I just started using a new lens but Lr is not finding it, I've been having to find it manually, from the drop down.

It finds my other lens automatically, but not my new one. How do I get Lr to find the new lens like it find my other ones?


----------



## clee01l (Jan 16, 2017)

First, the lens needs to be in the LR Lens profile folder.
Second, the Lens Needs to report itself to the camera with exactly the same name as in the LR Lens Database.   Can you check to see if these  requirements are being met?


----------



## Johan Elzenga (Jan 16, 2017)

mikecox said:


> I just started using a new lens but Lr is not finding it, I've been having to find it manually, from the drop down.
> 
> It finds my other lens automatically, but not my new one. How do I get Lr to find the new lens like it find my other ones?
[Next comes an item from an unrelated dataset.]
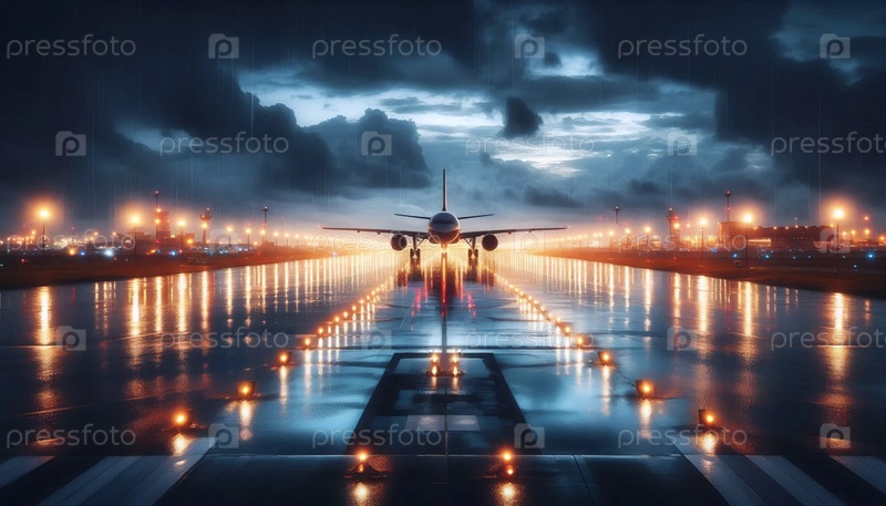 Взлетно-посадочная полоса с освещенными огнями в дождливую погоду, Ai generated image

Find the lens profile manually, then click the pop-up menu after 'Setup' and choose 'Save New Lens Profile Defaults'. From now on the lens profile should be found automatically. That is providing that the lens info is available in the EXIF data. Some lenses, like Samyang manual lenses, do not communicate at all with the camera.


----------



## mikecox (Jan 16, 2017)

JohanElzenga said:


> Find the lens profile manually, then click the pop-up menu after 'Setup' and choose 'Save New Lens Profile Defaults'. From now on the lens profile should be found automatically. That is providing that the lens info is available in the EXIF data. Some lenses, like Samyang manual lenses, do not communicate at all with the camera.


Great, thanks!


----------